Along the way through this story of mother's and daughters and gingerbread, Oyeyemi has left odd little ambushes of insight that wait to attack us like packs of wolves, or wolf pups at least. An "authenticity theme park" full of ersatz gingerbread girls here, a professor with wise bons mot about the writing of Emile Zola there, a lesson or two about what we will and will not accept in exchange for doing what we do better than anyone else around another corner... and, strangest and most confrontational of all, the idea of a near-utopia in which every kind of equality between people prevails except for economic equality. People may get bored with lives in which sexes, races, religions, sexualities, degrees or attractiveness or physical ability or intelligence are all on a level playing field, the land of Druhástrana seems to have concluded, as long as the chance of "unexpected abundance" (often in the form of some kind of lottery winnings) is present. Would that be so? Oyeyemi doesn't give us the answer to that; we must decide for ourselves. 

All this and at least one seriously adorably funny sex scene!

I have but one complaint about Gingerbread, and that's about the ending, which throws in several intriguing but unexplored new plot elements and characters at us by way of teasing a still-to-come reunion between Harriet and her old Druhástranian friend and on the whole feel like they've come from some other book entirely. It's a book I'd very much like to read someday, but I don't feel like it was a great way to end this one. 

Nonetheless, I've added the rest of Oyeyemi's output to date to my endless TBR, and will look forward to new work from her with anticipation and pleasure, like a freshly baked loaf of something dark and complex and delicious straight out of the oven. 

*Though one must always make allowances for the likes of Podiobooks and any similar efforts by aspiring authors who are trying everything they can to get attention for their beloved book babies, especially nowadays.
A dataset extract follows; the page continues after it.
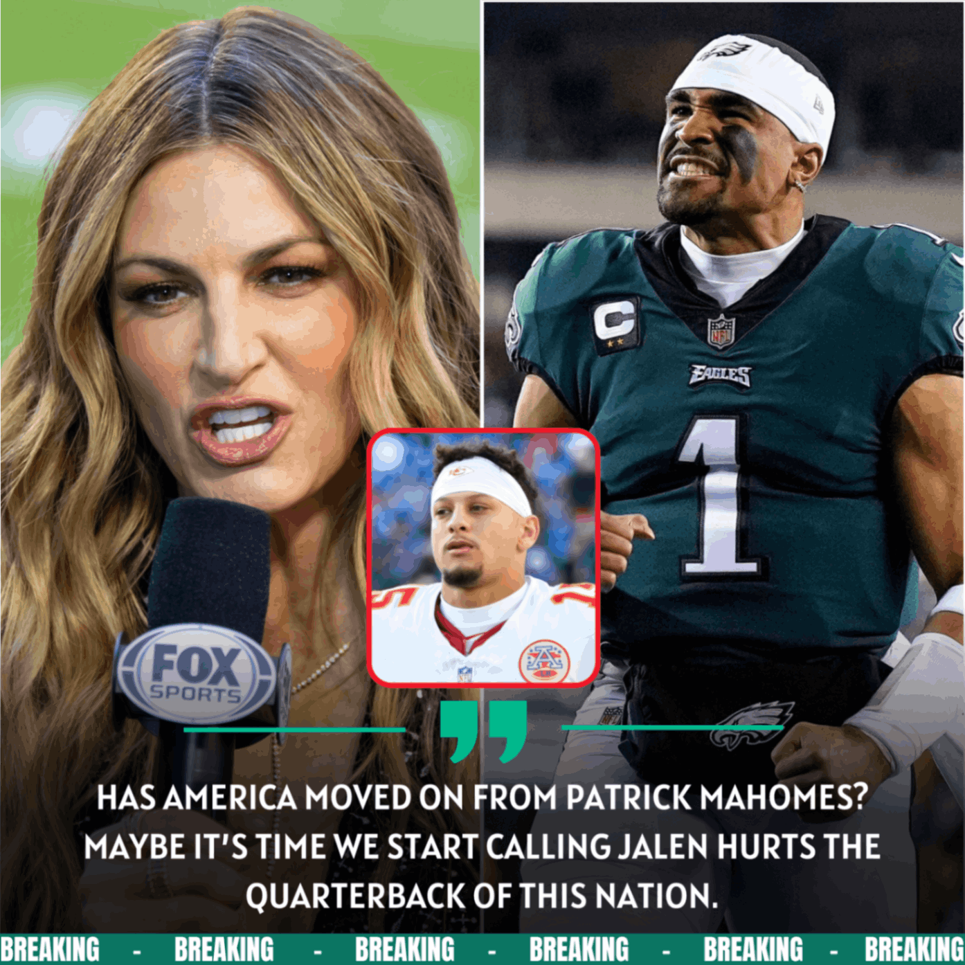 “Mahomes is still the king. But Hurts has that grind, that calm leadership that feels different. Maybe Erin’s not wrong.”
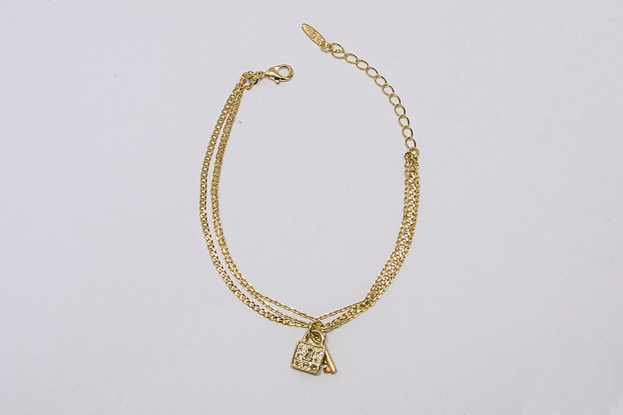 PULSEIRA INFANTIL BANHADA EM OURO, ELO DUPLO 1,80mm E CARTIER 3,50x1,90mm, 15cm COMPRIMENTO, CORAÇÃO, ANJO E CHAVE

Too many authors who have truly enriched my life got their starts that way, and some, like Scott Sigler, have never abandoned this practice. 
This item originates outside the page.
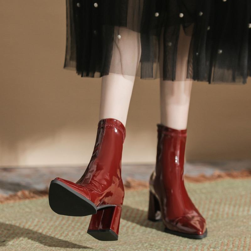 H768-8 Autumn and winter patent leather short boots women's rear zipper thin design Martin boots thick heel pointed low boots are not tired
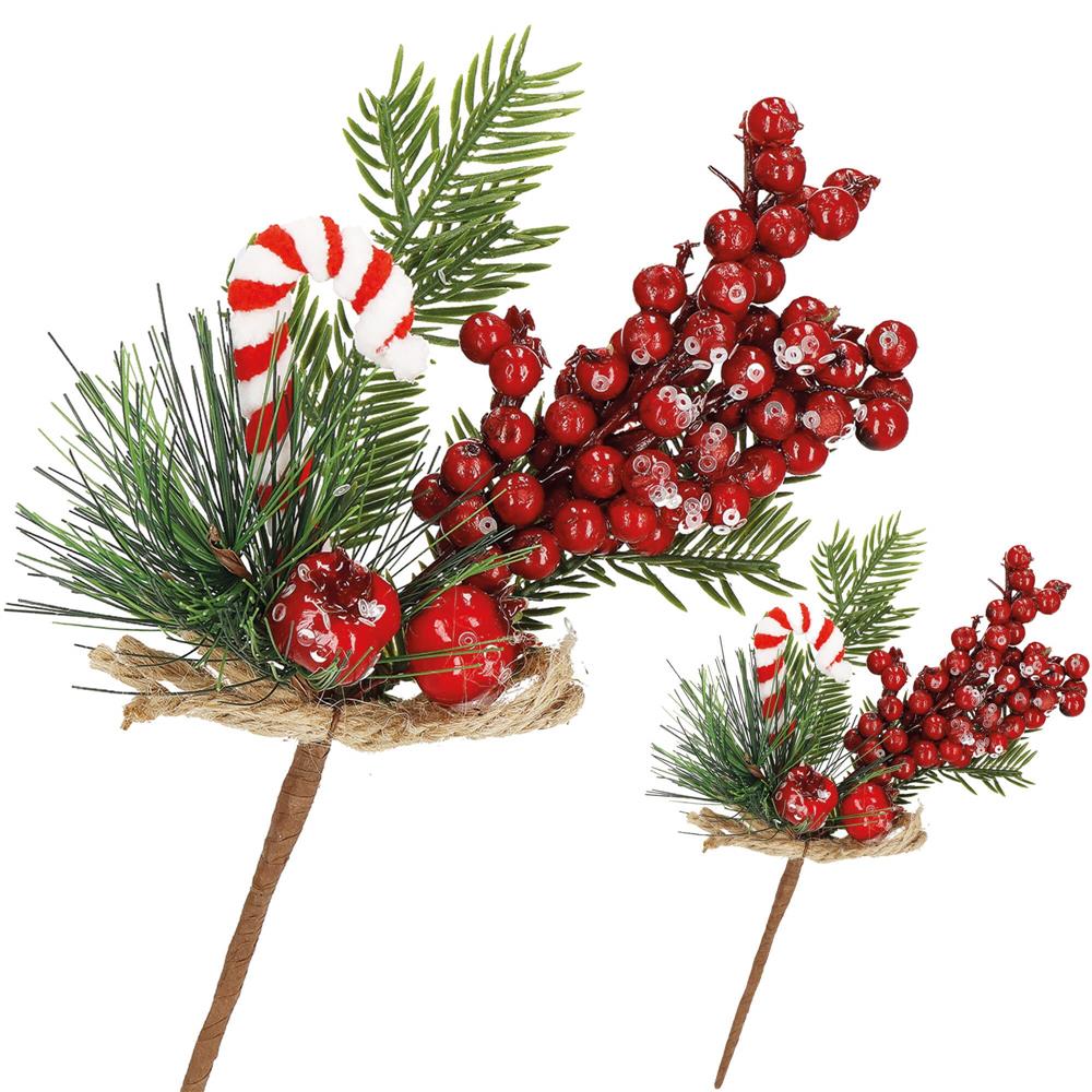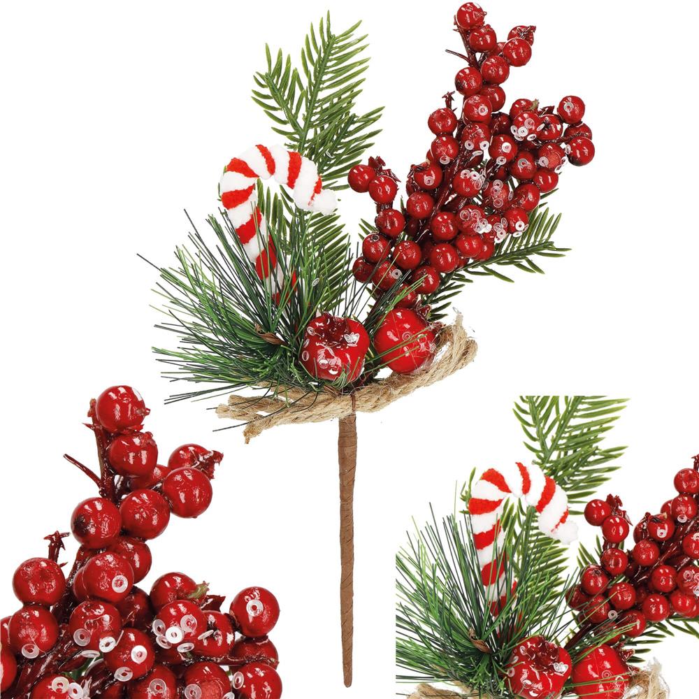 Ramura decorativa de Craciun cu fructe rosii, acadea si iuta, 24 cm

**If you're OK with tripping balls in your dreams that night. 

***Played in my imagination by 1980s-era Joan Plowright as Margot Lee, Juliette Stephenson as Harriet Lee, and Joely Richardson as Perdita Lee, because I spent many years with only a handful of movies on VHS to my name and my very favorite, watched until it wore out, was Peter Greenaway's Drowning By Numbers, a film I still haven't tired of, by the way! And yes, the text makes clear early on that the Lee women have "pearl gray hair and bark-brown skin" but I couldn't help it. Once the idea leaked into my head, it couldn't be budged.